Handling the agent's output. The agent returns something: a classification, a drafted resolution, a recommended action, a confidence signal. Your flow has to do something deliberate with that output. Branch on it. If the agent resolved the issue with high confidence, update the record and close the loop. If confidence is low, route to a human queue with the agent's suggestion attached. Designing the output-handling branches is where you encode the human-in-the-loop boundary, and it is the part that determines whether the automation is trustworthy.

Error handling and retries. Agents call models, and model calls can fail, time out, or return something malformed. Your flow needs explicit error handling: what happens when the agent call fails or returns an unparseable result? Do not let a failed agent call silently drop a record into limbo. Catch the failure, fall back to a safe default (usually: route to a human), and log it. And mind retries: if a trigger or a flow can re-fire, make sure re-firing does not cause the agent to take a duplicate action. This is exactly why tool idempotency (T5) matters at the flow level too.

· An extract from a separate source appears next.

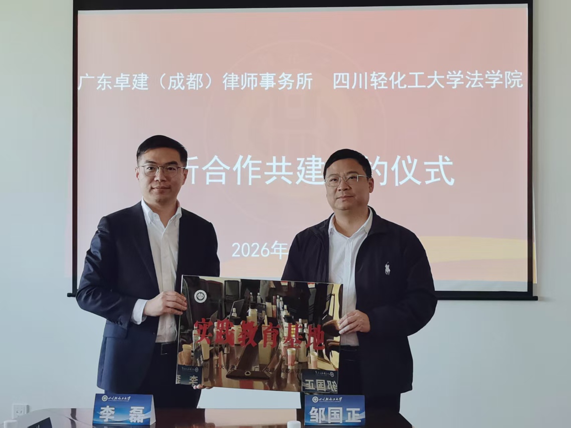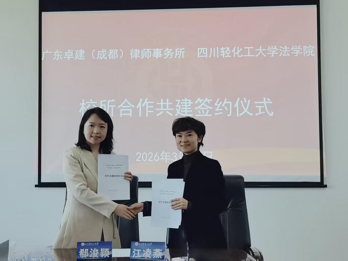 3月26日下午,我校法学院与广东卓建(成都)律师事务所在宜宾校区举行合作共建签约暨授牌仪式。卓建成都律所主任李磊、执行主任郗浚颖一行,法学院党委书记邹国正、副院长江凌燕等出席仪式。
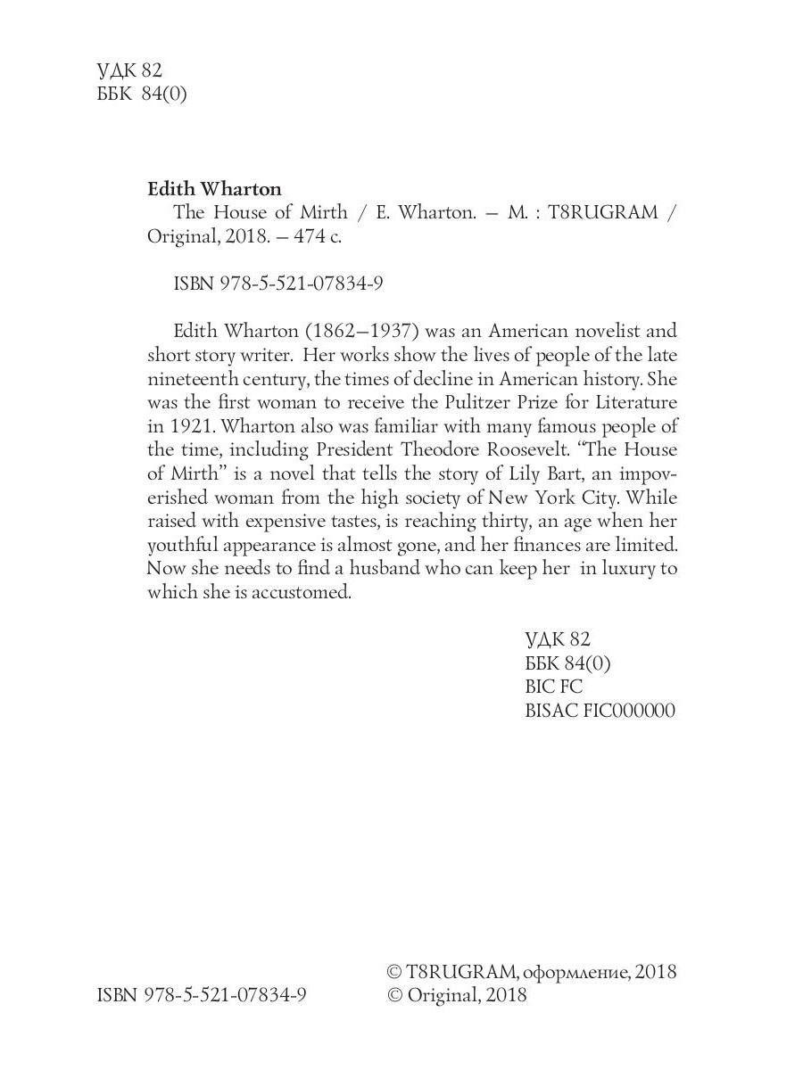 Edith Wharton (1862-1937) was an American novelist and short story writer. Her works show the lives of people of the late nineteenth century, the times of decline in American history. She was the first woman to receive the Pulitzer Prize for Literature in 1921. Wharton also was familiar with many famous people of the time, including President Theodore Roosevelt. "The House of Mirth" is a novel that tells the story of Lily Bart, an impoverished woman from the high society of New York City. While raised with expensive tastes, is reaching thirty, an age when her youthful appearance is almost gone, and her finances are limited. Now she needs to find a husband who can keep her in luxury to which she is accustomed.| Издательство | Т8 RUGRAM |

Keep the human gate where it belongs. Event-driven does not mean unattended-everywhere. For consequential or irreversible outcomes, keep an approval step in the flow between the agent's recommendation and the action. The agent proposes; the flow routes it for human approval; the action executes only after. As trust in a given automation accumulates and the accuracy data backs it up, you can remove the gate for the safe, high-confidence paths. Start gated, earn autonomy.

The pattern to internalize: precise trigger, tight context in, deliberate branching on output, real error handling, and a human gate sized to the risk. That is an event-driven agent you can actually run in production.